RAG - Retrieval-Augmented Generation

此内容尚不支持你的语言。

Askimo App includes powerful RAG (Retrieval-Augmented Generation) capabilities that allow you to create project-based knowledge bases. Whether you’re a developer working with code, a writer managing documents, or a researcher organizing data, Askimo’s Lucene-powered indexing helps your AI conversations access and reference your files automatically.

What is RAG?

RAG (Retrieval-Augmented Generation) enhances AI conversations by:

Accessing Your Project Files: AI can reference your local documents, code, research papers, or any other files
Accurate Responses: Answers are grounded in your actual content, not just the AI’s training data
Privacy-First: All indexing and retrieval happens locally on your machine
Fast Search: Lucene-powered indexing provides lightning-fast retrieval across thousands of files

How RAG Works in Askimo

Here’s how Askimo processes and retrieves information from your project files:

graph TB
    subgraph "1. Ingestion Process"
        A[Project Files] --> B[File Parser]
        B --> C{File Type Detection}
        C -->|Code| D[Code Parser]
        C -->|PDF| E[PDF Text Extractor]
        C -->|Office Docs| F[Office Parser]
        C -->|Text/Markdown| G[Text Parser]
        D --> H[Text Chunks]
        E --> H
        F --> H
        G --> H
    end

    subgraph "2. Indexing & Storage"
        H --> I[Document Chunker
256-2048 tokens]
        I --> J[Embedding Generator]
        J --> K[(JVector Store
Vector Embeddings)]
        J --> L[(Lucene Index
Full-Text Search)]
    end

    subgraph "3. Query & Retrieval"
        M[User Query] --> N[Query Embedding]
        N --> O[ContentRetriever]
        O --> K
        O --> L
        K --> P[Vector Similarity Search]
        L --> Q[Keyword Search]
        P --> R[Top-K Results]
        Q --> R
    end

    subgraph "4. Context Injection"
        R --> S[ContentInjector]
        S --> T[Rank & Filter Results]
        T --> U[Context Window Manager]
        U --> V[Inject into AI Prompt]
        V --> W[AI Model]
        W --> X[Enhanced Response]
    end

    style K fill:#e1f5ff
    style L fill:#e1f5ff
    style O fill:#fff4e6
    style S fill:#f3e8ff
    style W fill:#e8f5e9

The Process:

Ingestion: Files are parsed based on their type (code, PDF, Office docs, text)
Indexing: Content is split into chunks, embedded as vectors (JVector), and indexed for full-text search (Lucene)
Retrieval: When you ask a question, ContentRetriever searches both vector embeddings and full-text index
Injection: ContentInjector ranks results, manages context window, and injects relevant chunks into your AI conversation

All of this happens locally on your machine—no data ever leaves your computer.
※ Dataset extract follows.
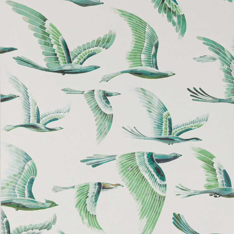 Manuel Canovas propose une surprenante représentation stylisée à grande échelle d’un vol d’oiseaux sauvages. Ce papier peint Hydra nous propulse entre ciel et terre. Grâce à son impression en héliogravure, toutes les nuances de tons des ailes de ses magnifiques voyageurs ont été conservées.

Creating a Project with RAG

Step 1: Create a New Project

Open Project Manager
- Click the “Projects” icon in the sidebar
- Or use keyboard shortcut: ⌘/Ctrl + P
Create New Project
- Click ”+ New Project” button
- Enter a project name (e.g., “My Web App”, “Research Papers”, “Novel Draft”, “Marketing Documents”)
- Optionally add a description
Select Project Directory
- Click “Select Folder” to choose the project root directory
- This directory and its subdirectories will be indexed automatically

Step 2: Automatic Indexing

Indexing starts automatically when you create a project:

Askimo detects the project type (Gradle, Maven, Python, Node.js, etc.)
Indexing begins immediately in the background
Monitor indexing progress in the status bar
Wait for indexing to complete (typically 10-60 seconds depending on project size)

What Gets Indexed:

Askimo automatically indexes:

All text-based source files
PDF files (text content extracted)
Microsoft Office documents (.docx, .xlsx, .pptx)
OpenOffice documents (.odt, .ods, .odp)
Email files (.eml, .msg)
Documentation files (.md, .txt, .rst, etc.)
Configuration files (.json, .yaml, .xml, etc.)

What Gets Excluded:

Askimo intelligently excludes:

Common build artifacts (build/, dist/, target/, .gradle/, etc.)
Dependencies (node_modules/, vendor/, venv/, etc.)
Files listed in .gitignore
Binary files (except supported document types)
Files larger than 5 MB
IDE-specific directories (.idea/, .vscode/, etc.)

Using RAG in Chat Sessions

Creating a New Chat in a Project

When you create a chat session within a project, RAG is automatically enabled to provide context from your indexed files.

Navigate to Your Project
- Open the project in the sidebar
- Your indexed project is ready to use
Start a New Chat
- Click the ”+” button within the project
- Or use ⌘/Ctrl + N while in project view
Chat with Context
- RAG is enabled by default - no need to toggle!
- The AI automatically retrieves relevant context from your indexed files
- A small indicator shows which project’s knowledge is active

Example Queries

With RAG enabled, you can ask questions about your project:

For Developers:

“What’s the purpose of the UserService class in this project?”
“Show me all REST endpoints defined in the API controllers”
“Explain the authentication flow used in this application”
“How is error handling implemented across the codebase?”
“What dependencies are used for database access?”
“List all database models and their relationships”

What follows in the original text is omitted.